Internet-Draft                     DAP                      October 2024


   +--------+
   |        |
   | Client +----+
   |        |    |
   +--------+    |
                 |
   +--------+    |     +------------+         +-----------+
   |        |    +----->            |         |           |
   | Client +---------->   Leader   <---------> Collector |
   |        |    +----->            |         |           |
   +--------+    |     +-----^------+         +-----------+
                 |           |
   +--------+    |           |
   |        |    |           |
   | Client +----+     +-----V------+
   |        |          |            |
   +--------+          |   Helper   |
                       |            |
                       +------------+

                       Figure 1: System Architecture

   The main participants in the protocol are as follows:

   Collector:  The entity which wants to obtain the aggregate of the
      measurements generated by the Clients.  Any given measurement task
      will have a single Collector.

   Client(s):  The parties which directly take the measurement(s) and
      report them to the DAP protocol.  In order to provide reasonable
      levels of privacy, there must be a large number of Clients.

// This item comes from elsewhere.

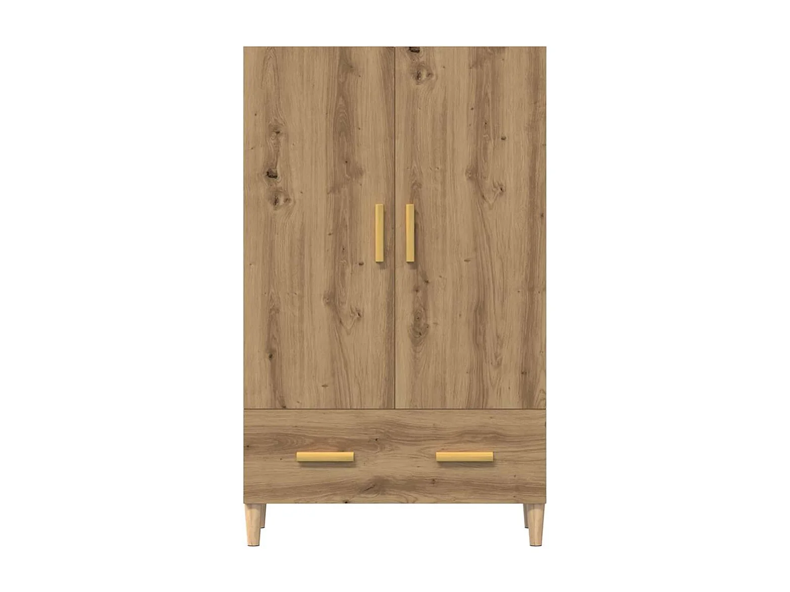 Hoge kast 70x31x115 cm bewerkt hout artisanaal eikenkleur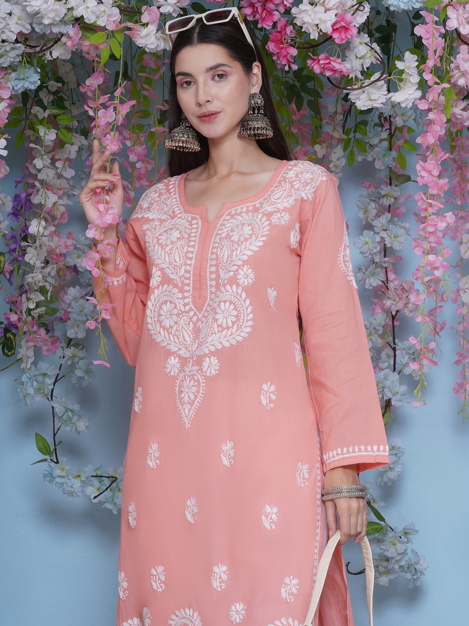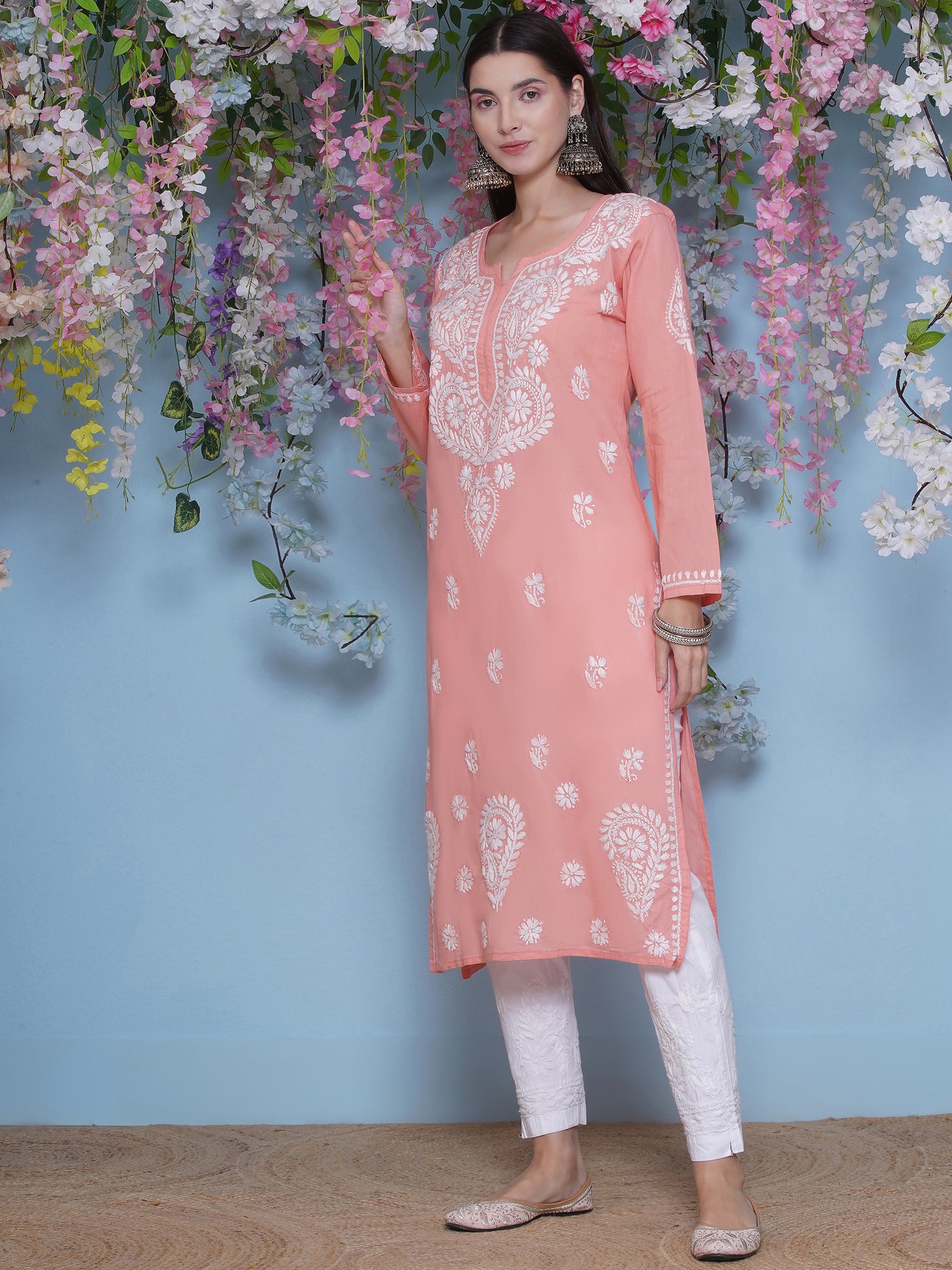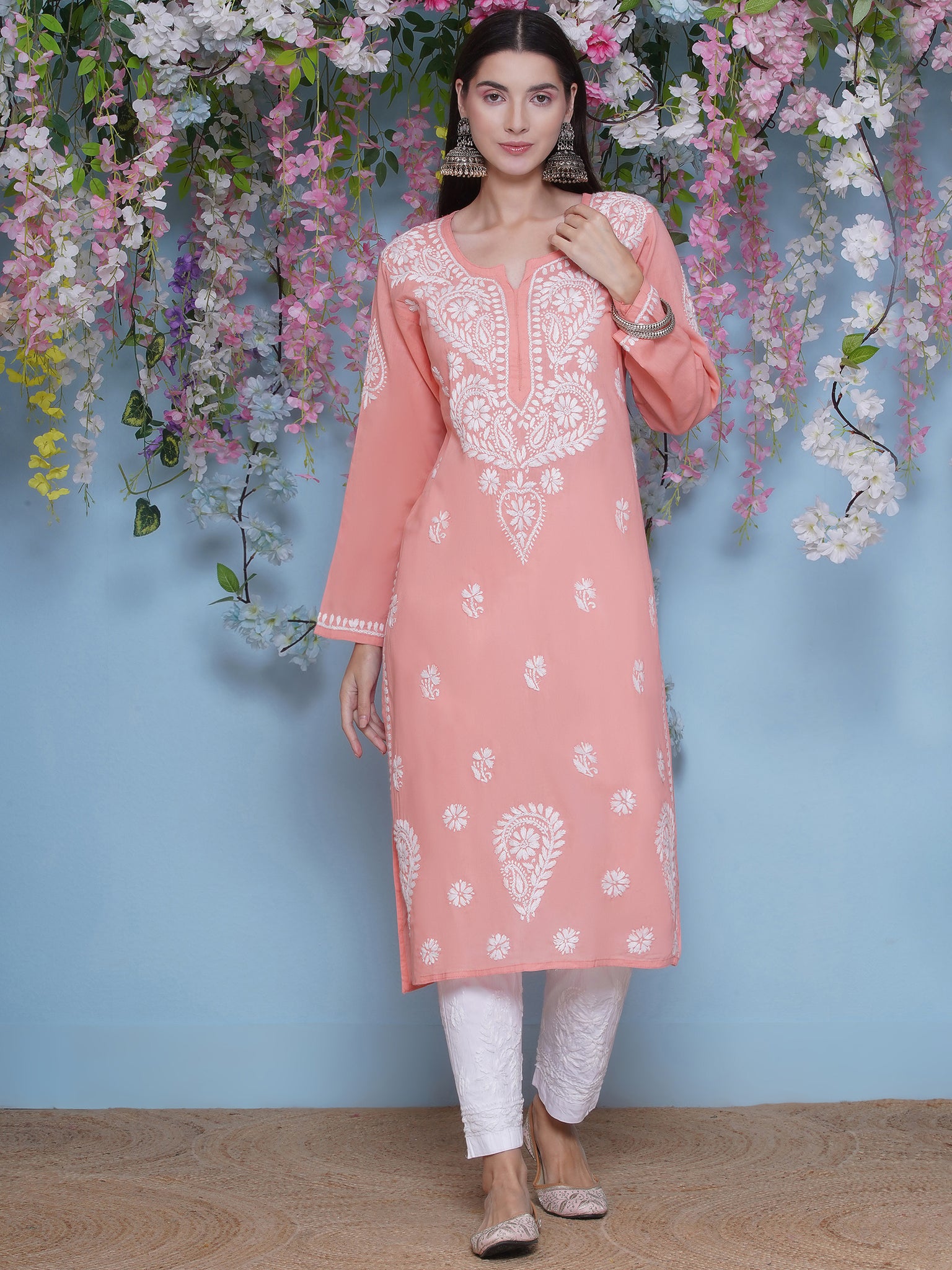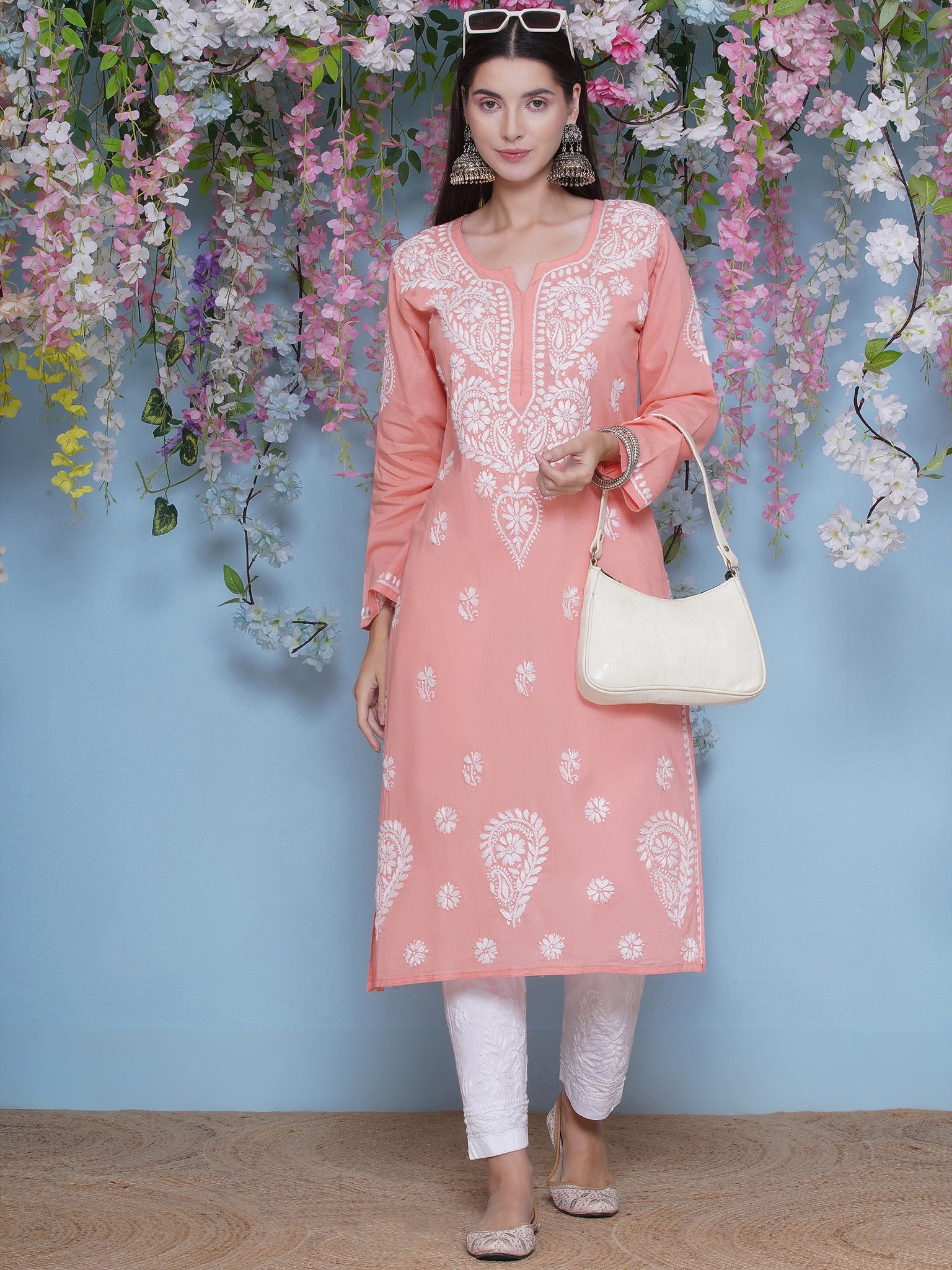 Peach Cotton Chikankari Kurti For Women – Saahiba

   Aggregator:  A server which receives report shares.  Each Aggregator
      works with its co-Aggregator to compute the aggregate result.  Any
      given measurement task will have two Aggregators: a Leader and a
      Helper.

   Leader:  The Aggregator responsible for coordinating the protocol.
      It receives the reports, splits them into report shares,
      distributes the report shares to the Helper, and orchestrates the
      process of computing the aggregate result as requested by the
      Collector.

   Helper:  The Aggregator assisting the Leader with the computation.
      The protocol is designed so that the Helper is relatively
      lightweight, with most of the operational burden borne by the
      Leader.


Geoghegan, et al.         Expires 13 April 2025                [Page 14]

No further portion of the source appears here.